**Problem to work on:** Reproduce the listing that follows in full. Omit its images.

**Records shown:**
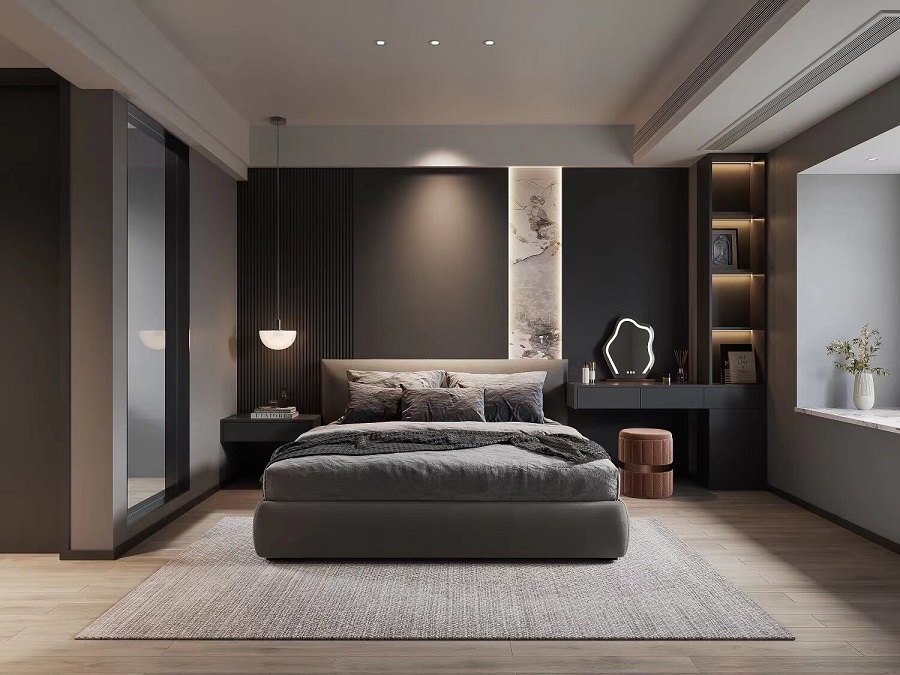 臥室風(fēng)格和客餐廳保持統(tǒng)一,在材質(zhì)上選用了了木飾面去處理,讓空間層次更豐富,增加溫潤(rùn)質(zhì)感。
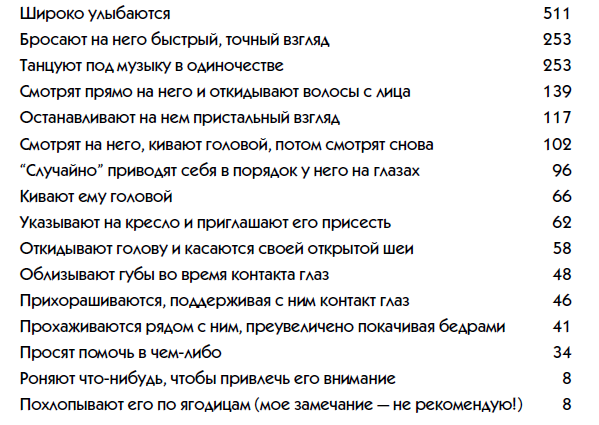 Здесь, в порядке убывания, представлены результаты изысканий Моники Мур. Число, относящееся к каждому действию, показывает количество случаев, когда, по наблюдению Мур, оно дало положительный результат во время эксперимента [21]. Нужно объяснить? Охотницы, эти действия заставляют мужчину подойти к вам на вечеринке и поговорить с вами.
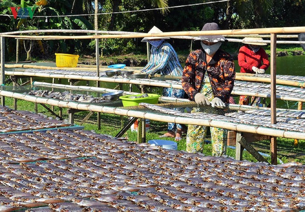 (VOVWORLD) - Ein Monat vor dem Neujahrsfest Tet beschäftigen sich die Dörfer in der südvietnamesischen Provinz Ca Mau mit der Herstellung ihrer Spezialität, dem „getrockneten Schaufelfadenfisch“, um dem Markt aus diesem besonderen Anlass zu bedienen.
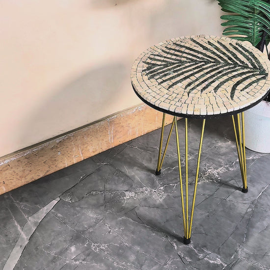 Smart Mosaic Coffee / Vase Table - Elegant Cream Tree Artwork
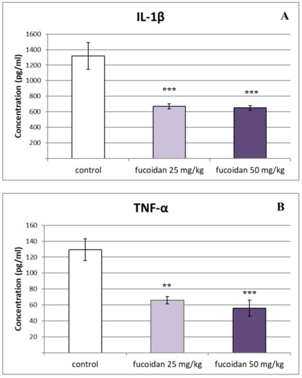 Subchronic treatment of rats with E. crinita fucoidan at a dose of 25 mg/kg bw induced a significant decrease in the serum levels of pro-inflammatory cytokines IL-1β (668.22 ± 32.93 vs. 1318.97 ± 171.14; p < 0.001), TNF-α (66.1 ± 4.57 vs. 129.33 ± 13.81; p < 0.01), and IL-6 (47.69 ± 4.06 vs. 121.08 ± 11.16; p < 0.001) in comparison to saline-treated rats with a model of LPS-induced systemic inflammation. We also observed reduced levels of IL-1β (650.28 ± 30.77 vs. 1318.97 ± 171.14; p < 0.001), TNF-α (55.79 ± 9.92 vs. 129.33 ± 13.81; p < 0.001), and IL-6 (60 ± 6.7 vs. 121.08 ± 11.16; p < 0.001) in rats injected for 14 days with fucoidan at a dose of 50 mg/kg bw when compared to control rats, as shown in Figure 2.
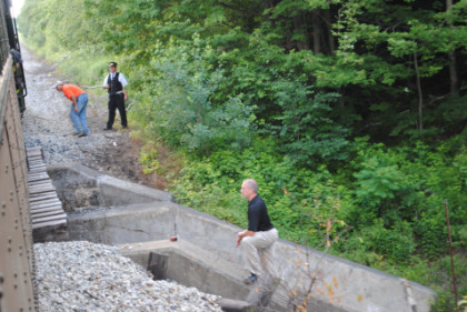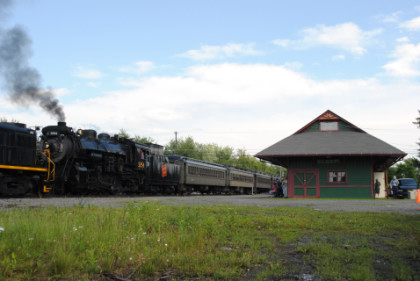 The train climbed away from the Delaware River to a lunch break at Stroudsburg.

**Result of this exercise:**
 臥室風(fēng)格和客餐廳保持統(tǒng)一,在材質(zhì)上選用了了木飾面去處理,讓空間層次更豐富,增加溫潤(rùn)質(zhì)感。
 Здесь, в порядке убывания, представлены результаты изысканий Моники Мур. Число, относящееся к каждому действию, показывает количество случаев, когда, по наблюдению Мур, оно дало положительный результат во время эксперимента [21]. Нужно объяснить? Охотницы, эти действия заставляют мужчину подойти к вам на вечеринке и поговорить с вами.
 (VOVWORLD) - Ein Monat vor dem Neujahrsfest Tet beschäftigen sich die Dörfer in der südvietnamesischen Provinz Ca Mau mit der Herstellung ihrer Spezialität, dem „getrockneten Schaufelfadenfisch“, um dem Markt aus diesem besonderen Anlass zu bedienen.
 Smart Mosaic Coffee / Vase Table - Elegant Cream Tree Artwork
 Subchronic treatment of rats with E. crinita fucoidan at a dose of 25 mg/kg bw induced a significant decrease in the serum levels of pro-inflammatory cytokines IL-1β (668.22 ± 32.93 vs. 1318.97 ± 171.14; p < 0.001), TNF-α (66.1 ± 4.57 vs. 129.33 ± 13.81; p < 0.01), and IL-6 (47.69 ± 4.06 vs. 121.08 ± 11.16; p < 0.001) in comparison to saline-treated rats with a model of LPS-induced systemic inflammation. We also observed reduced levels of IL-1β (650.28 ± 30.77 vs. 1318.97 ± 171.14; p < 0.001), TNF-α (55.79 ± 9.92 vs. 129.33 ± 13.81; p < 0.001), and IL-6 (60 ± 6.7 vs. 121.08 ± 11.16; p < 0.001) in rats injected for 14 days with fucoidan at a dose of 50 mg/kg bw when compared to control rats, as shown in Figure 2.
 The train climbed away from the Delaware River to a lunch break at Stroudsburg.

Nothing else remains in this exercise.